What the exercise asks: Exactly the lines from the one with "案例四:范女士,60岁,山东" through the final line of the entries, and nothing else, should appear in the answer; no pictures go in it.

Data under study:
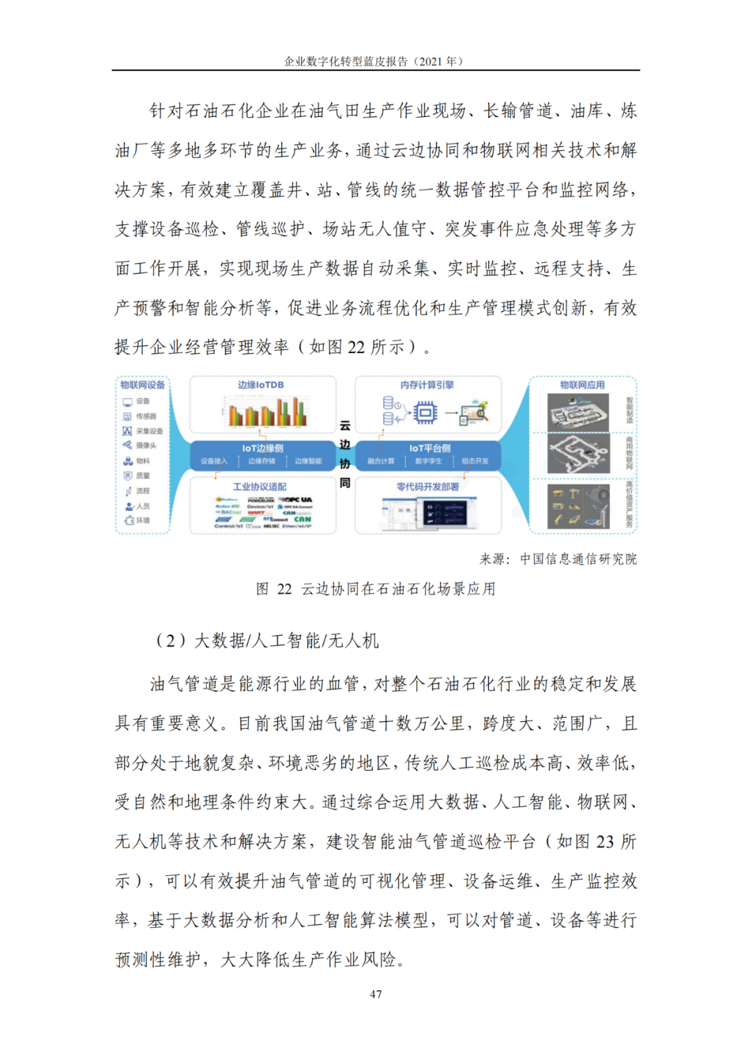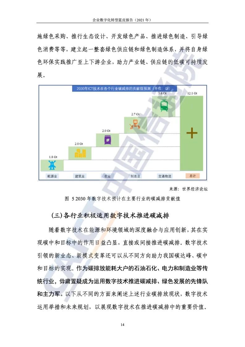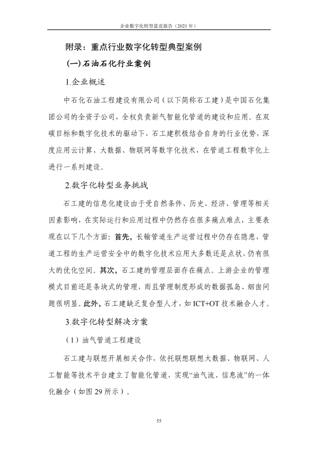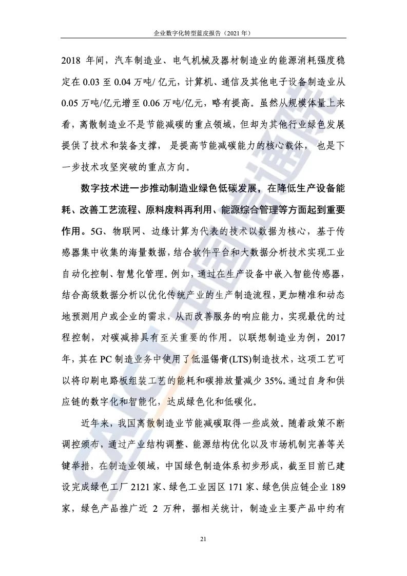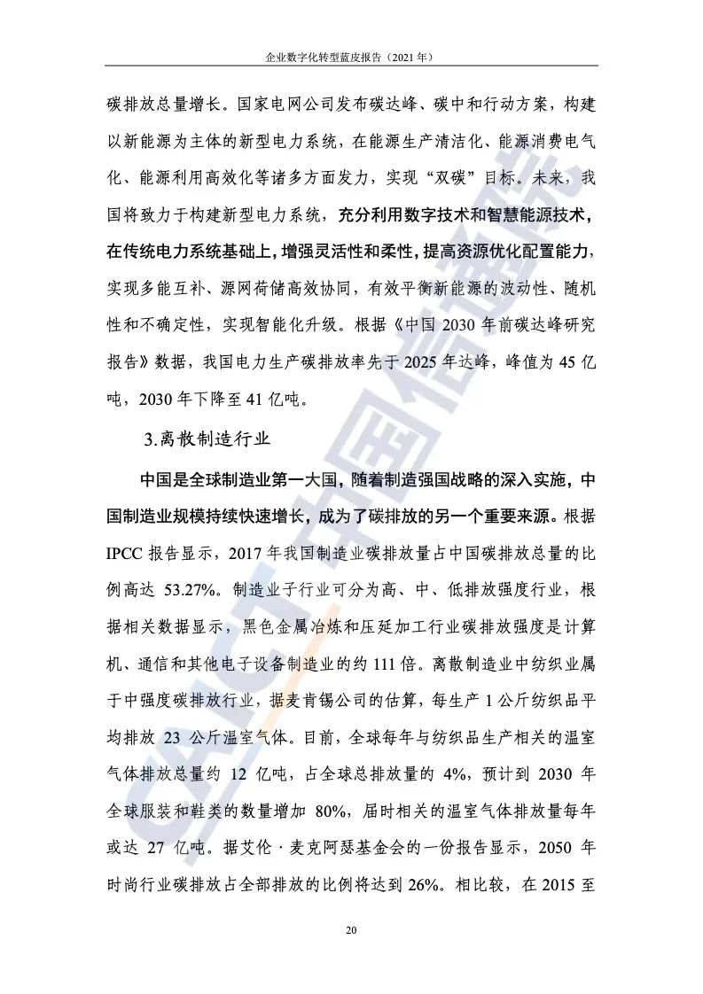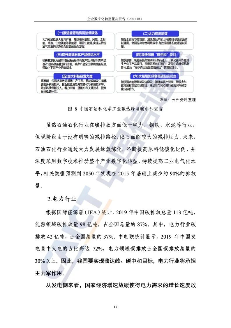 本报告聚焦石油石化、电力和制造行业三大典型高碳产业,围绕其数字化转型背景现状、碳减排工作开展情况、转型痛点难点等方面进行分析,对三大行业企业数字化转型涉及的“端-边-云-网-智”为代表的“新IT”技术、关键业务场景进行阐述,提出推进转型的路径并研提相关建议举措。本报告同时收录了部分数字化转型典型案例,希望以此为同行业企业提供转型参考示范。
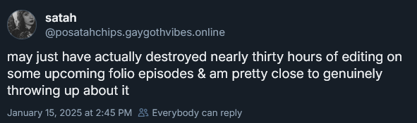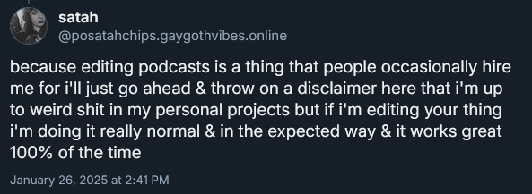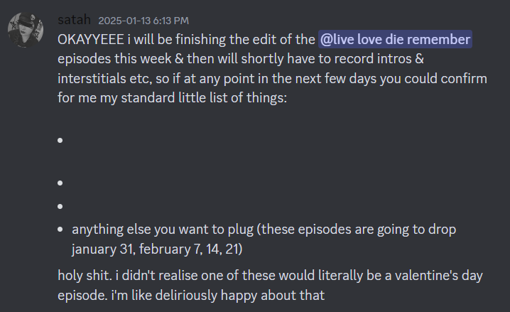 why did i censor the bullet points? it’s not a secret. it’s literally just like “the exact name & pronouns you want to be credited by & any social media links”. i don’t know why i’d have to hide that. like oooh no-one can know that i do the bare minimum of being respectful as a podcast host. gotta keep that locked up. in case i want to be sooo mysterious about specifically this
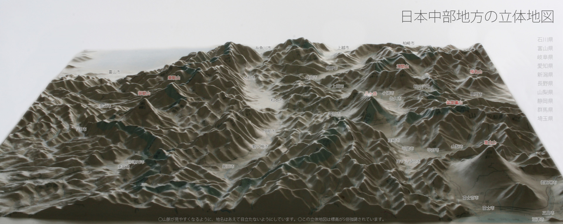 題して、「日本中部地方の立体地図」です。こうして見渡すと石川県・富山県・岐阜県・愛知県・新潟県・長野県・山梨県・静岡県・群馬県・埼玉県の10県が立体的に写っています。立体的、というよりは鳥瞰図(ちょうかんず)っぽいといったところでしょうか。
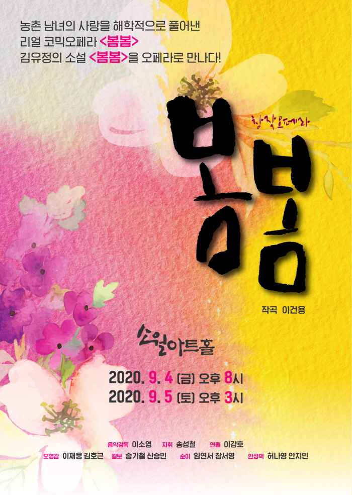 머스트잇 토토대학교 음악대학이 성동문화재단과 함께 김유정 작가의 단편소설 <봄봄>을 원작으로 한 창작 오페라를 선보인다. 오페라 <봄봄> 은 9월 4일과 5일 소월아트홀에서 공연할 예정이다.
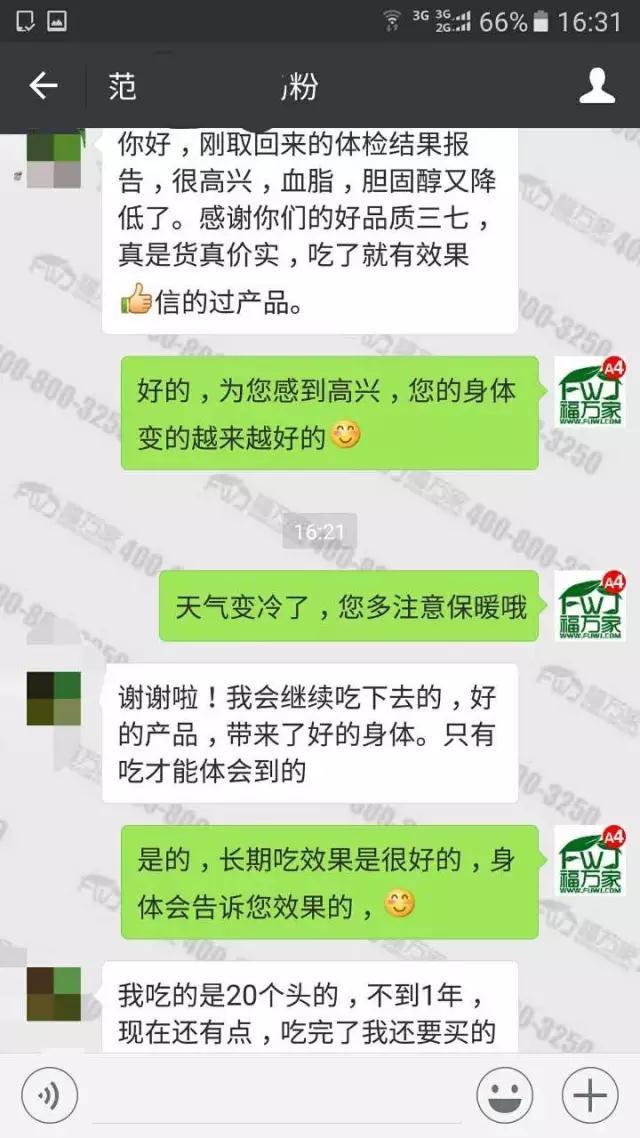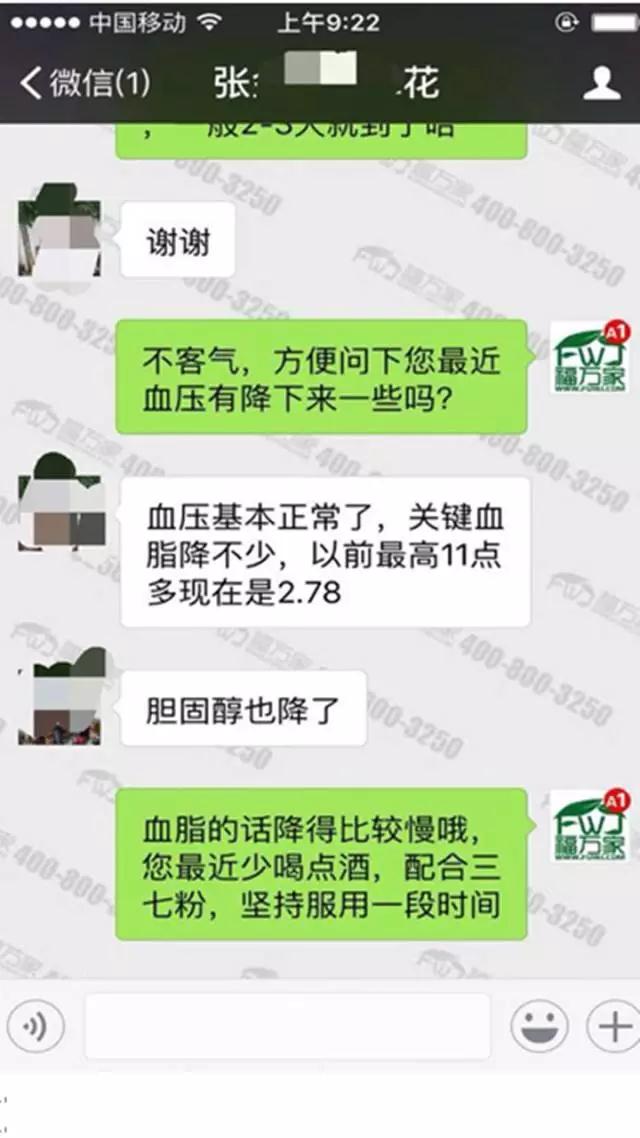 案例四:范女士,60岁,山东人。血脂和胆固醇都有点高,买了我们三七粉两次了,每天坚持用。吃了不到一年的时间里,反馈说:“刚体检回来,体检结果报告,很高兴,血脂、胆固醇又降低了”。
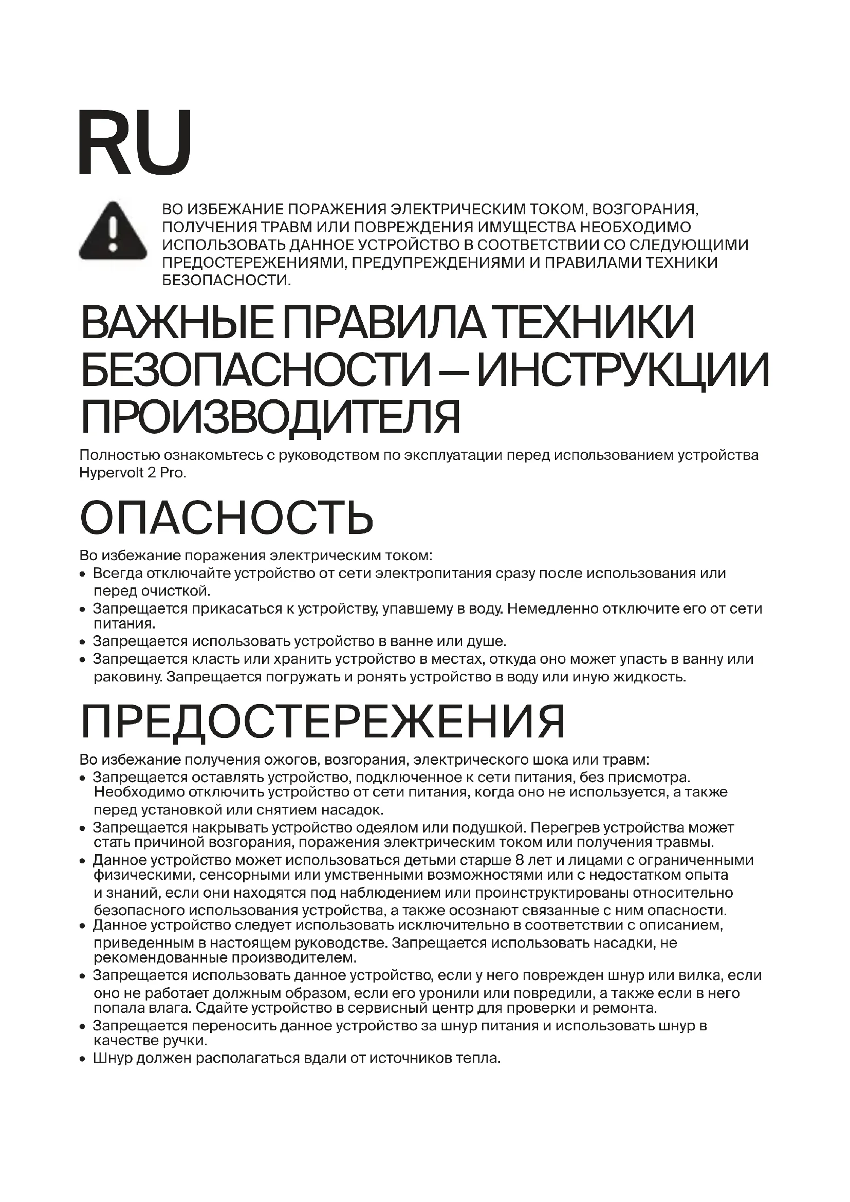 10RU ВО ИЗБЕЖАНИЕ ПОРАЖЕНИЯ ЭЛЕКТРИЧЕСКИМ ТОКОМ, ВОЗГОРАНИЯ, ПОЛУЧЕНИЯ ТРАВМ ИЛИ ПОВРЕЖДЕНИЯ ИМУЩЕСТВА НЕОБХОДИМО ИСПОЛЬЗОВАТЬ ДАННОЕ УСТРОЙСТВО В СООТВЕТСТВИИ СО СЛЕДУЮЩИМИ ПРЕДОСТЕРЕЖЕНИЯМИ, ПРЕДУПРЕЖДЕНИЯМИ И ПРАВИЛАМИ ТЕХНИКИ БЕЗОПАСНОСТИ. ВАЖНЫЕ ПРАВИЛА ТЕХНИКИ БЕЗОПАСНОСТИ — ИНСТРУКЦИИ ПРОИЗВОДИТЕЛЯ Полностью ознакомьтесь с руководством по эксплуатации перед использованием устройства Hypervolt2Pro.
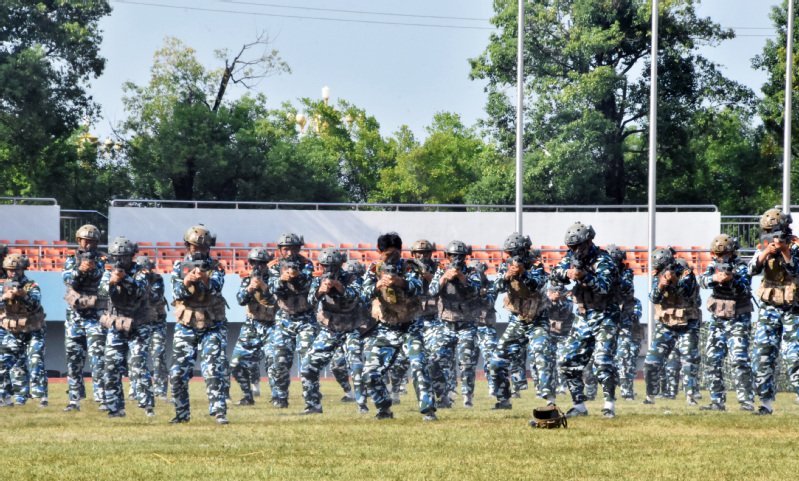 汇报展演现场,国旗护卫队身姿挺拔、宛如松柏,持枪方阵姿态威武、步伐稳健,战术演练硝烟弥漫、战鼓雷动,男子擒拿拳表演拳风凌厉、气势磅礴,女子匕首操敏捷灵动、尽显英姿,充分展现师大学子奋发向上的精神面貌、军训磨砺下的青春风采。

Written response:
 案例四:范女士,60岁,山东人。血脂和胆固醇都有点高,买了我们三七粉两次了,每天坚持用。吃了不到一年的时间里,反馈说:“刚体检回来,体检结果报告,很高兴,血脂、胆固醇又降低了”。
 10RU ВО ИЗБЕЖАНИЕ ПОРАЖЕНИЯ ЭЛЕКТРИЧЕСКИМ ТОКОМ, ВОЗГОРАНИЯ, ПОЛУЧЕНИЯ ТРАВМ ИЛИ ПОВРЕЖДЕНИЯ ИМУЩЕСТВА НЕОБХОДИМО ИСПОЛЬЗОВАТЬ ДАННОЕ УСТРОЙСТВО В СООТВЕТСТВИИ СО СЛЕДУЮЩИМИ ПРЕДОСТЕРЕЖЕНИЯМИ, ПРЕДУПРЕЖДЕНИЯМИ И ПРАВИЛАМИ ТЕХНИКИ БЕЗОПАСНОСТИ. ВАЖНЫЕ ПРАВИЛА ТЕХНИКИ БЕЗОПАСНОСТИ — ИНСТРУКЦИИ ПРОИЗВОДИТЕЛЯ Полностью ознакомьтесь с руководством по эксплуатации перед использованием устройства Hypervolt2Pro.
 汇报展演现场,国旗护卫队身姿挺拔、宛如松柏,持枪方阵姿态威武、步伐稳健,战术演练硝烟弥漫、战鼓雷动,男子擒拿拳表演拳风凌厉、气势磅礴,女子匕首操敏捷灵动、尽显英姿,充分展现师大学子奋发向上的精神面貌、军训磨砺下的青春风采。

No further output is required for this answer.